The Bank of Canada held the target overnight rate at 1.75% for the sixth consecutive decision this week and showed little willingness to ease monetary policy, as stronger domestic growth offsets the risk of mounting global trade tensions. There has been ongoing speculation that the Bank of Canada would be pushed into cutting interest rates by the Fed.
Dr Sherry Cooper, Chief Economist of Dominion Lending Centres says, I do not believe the Bank will let the US dictate monetary policy when the Canadian economy is clearly on the mend. To be sure, trade tensions have slowed the global economic outlook, especially in curbing manufacturing activity, business investment and lowering commodity prices. But the Bank has already incorporated these effects in previous Monetary Policy Reports (MPR) and today’s forecast has made further adjustments in light of weaker sentiment and activity in other major economies.
The Governing Council stated in a press release that central banks in the US and Europe have signalled their readiness to cut interest rates and further policy stimulus has been implemented in China. Thus, global financial conditions have eased substantially. The Bank now expects global GDP to grow by 3% in 2019 and to strengthen to 3.25% in 2020 and 2021, with the US slowing to apace near its potential of around 2%. Escalation of trade tensions remains the most significant downside risk to the global and Canadian outlooks.

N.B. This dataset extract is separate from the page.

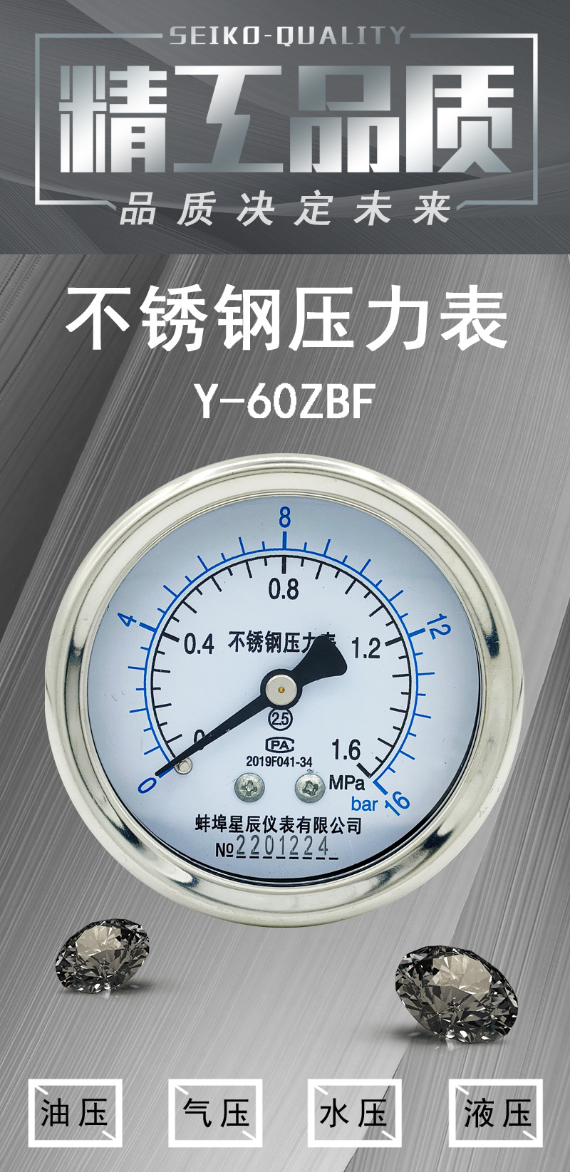 - Quality & Durability: Constructed from robust stainless steel, this Y-60ZBF series pressure gauge offers superior durability and corrosion resistance, suitable for demanding environments.

The Bank of Canada released the July MPR earlier this week, showing that following temporary weakness in late 2018 and early 2019, Canada’s economy is returning to growth around potential, as they have expected. Growth in the second quarter is stronger than earlier predicted, mostly due to some temporary factors,including the reversal of weather-related slowdowns in the first quarter and a surge in oil production. At the national level, the housing market is stabilizing, although there remain significant adjustments underway in BC. A meaningful decline in longer-term mortgage rates is supporting housing activity. The Bank now expects real GDP growth to average 1.3% in 2019 and about 2% in 2020 and 2021.
Bottom Line: The Canadian economy is returning to potential growth. “As the Governing Council continues to monitor incoming date, it will pay particular attention to developments in the energy sector and the impact of trade conflicts on the prospects for Canadian growth and inflation.” With this statements, Governor Poloz puts Canadian rates firmly on hold as Fed Chair, Jerome Powell signals openness to a rate cut as uncertainty dims the US outlook.
The Canadian central bank is in no hurry to move interest rates in either direction and has signalled, it will remain on hold indefinitely, barring an unexpected exogenous shock.